Last night I embraced eroticism. It was a decision to have a nice time and be playful since my libido had been low and I have felt disconnected from husband these past few weeks. It’s the same longing for joy that helped me get out of the role of victim after the affair. 

Andrew reminded me of loss and grief as part of life and Esther resurfaced her key question “when are you more drawn to your partner?”. That’s why we should always be connected to our mentors, always. 

Since eroticism needs distance, I thought it was a good thing that I had felt disconnected from H, I was now ready to “cross the bridge”. I decided to have a good time. It’s incredible how much I sabotage myself by not having a good time when we go out. Outings are golden opportunities for flirting with everyone, in the good sense of the term. 

Life is not perfect and we have to make the most of what we have. This potential war and already unjustified losses of lives in Ukraine, is a huge reminder of how fortunate we are to live in peace, with all our basic needs covered and surrounded by pure love of pets and children. 

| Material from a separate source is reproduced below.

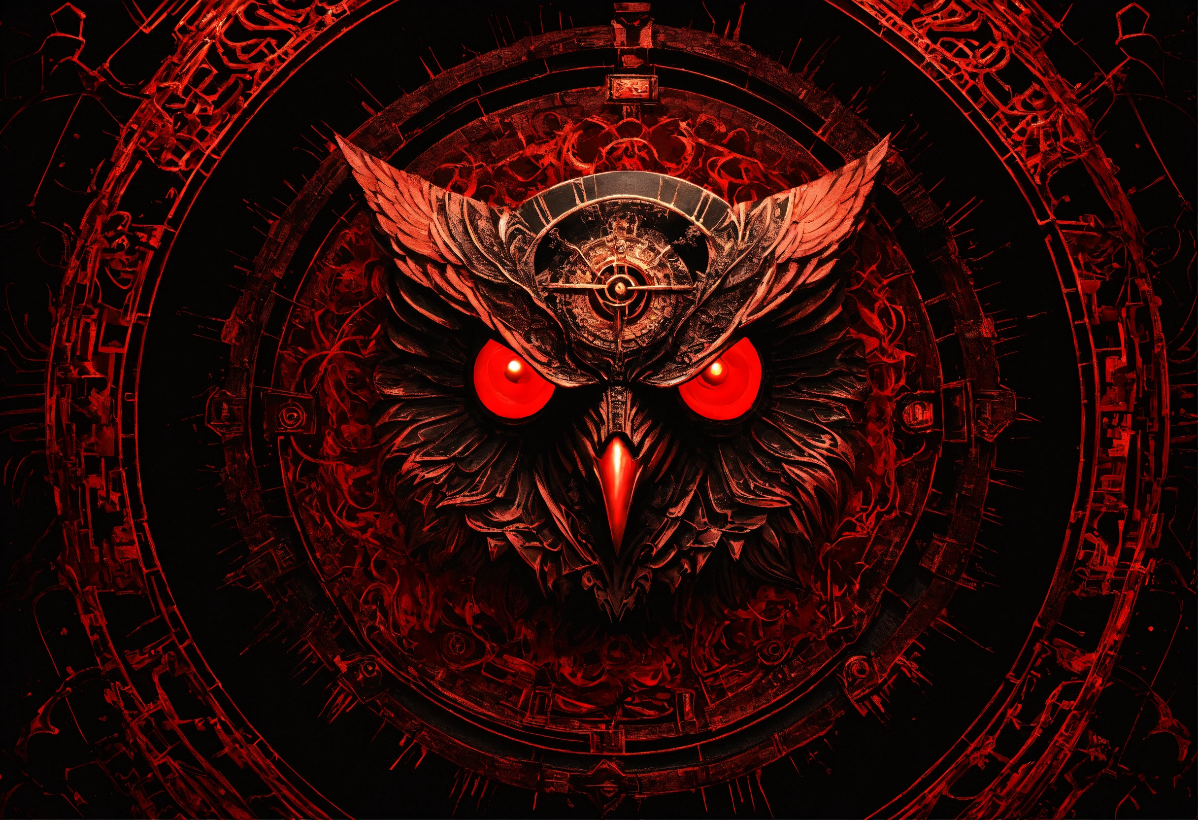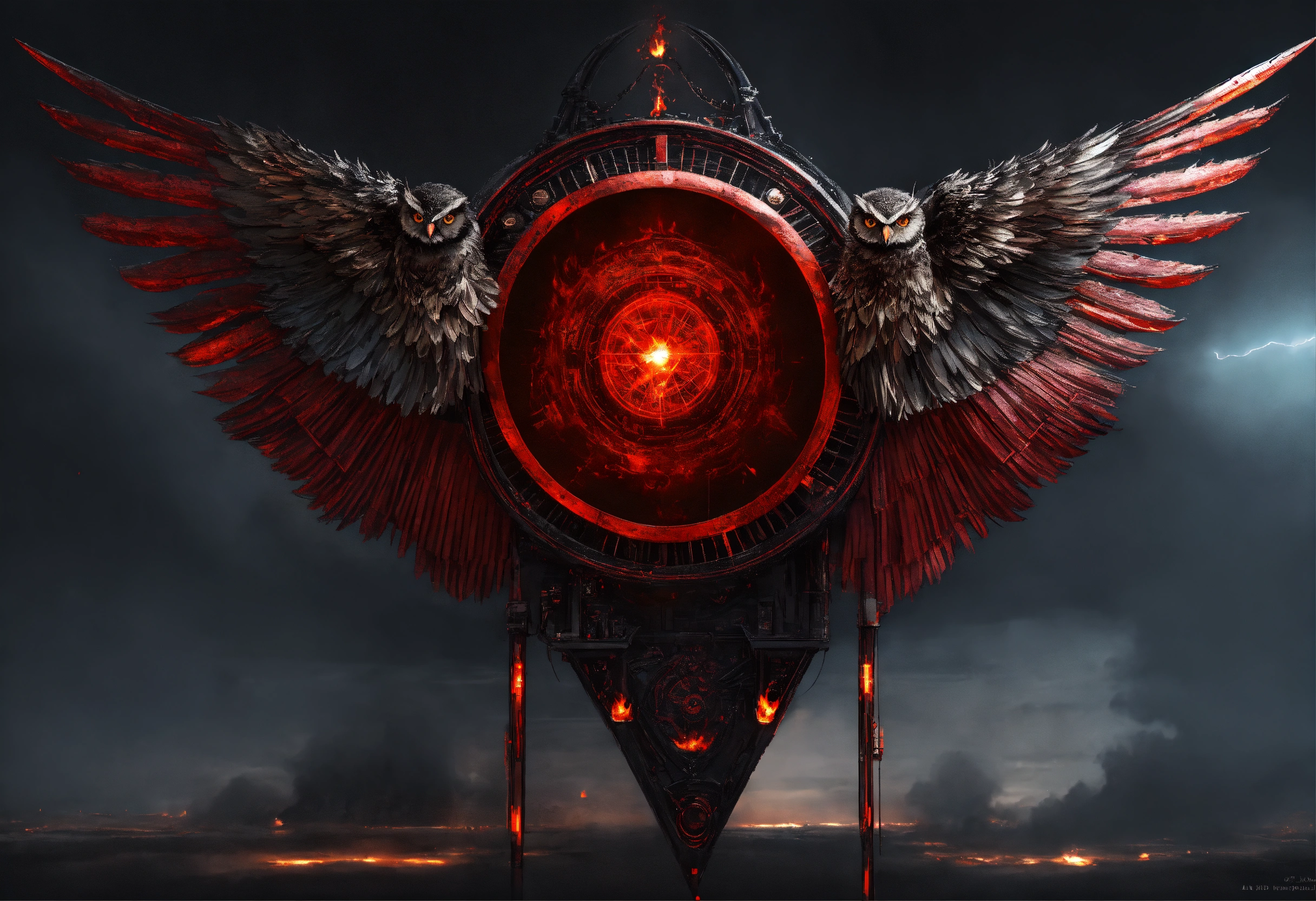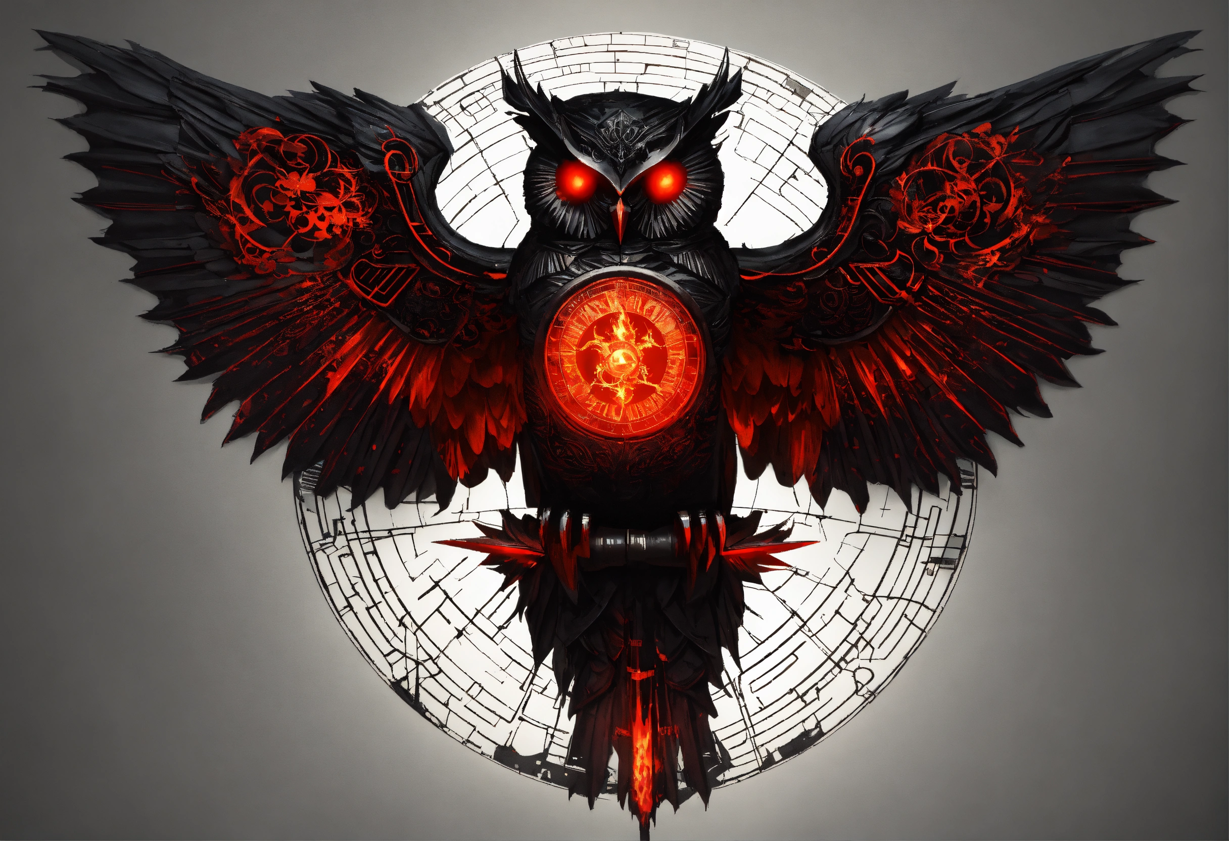 Dark evil black, red and black digital occultic sigil owl symbolic, emblem symbol, intricate detail, hyper digital, futuristic, amazing design, inspired by quantum physics cybernetic, divine, hyper futuristic, lucifer is the light bearer, christ is infinite, led, ominous, artistic, incredibly detailed, 5 dimensional, mischievous personified, mostly black, ancient gods, angular, high technology, super powerful alien technology, fire and flames, gates of hell

Let’s not forget that by loving ourselves first, we can then enjoy our loved ones, including romantic pockets of love with our partner. 

I am happier after realizing that, as it is possible to sail beyond infidelity, it is also possible to love romantically in spite of it, even if it’s in an intermittent fashion.

What “say you?”

Thanks for joining me in this journey and for the encouraging words that keep me sharing my experiences with you.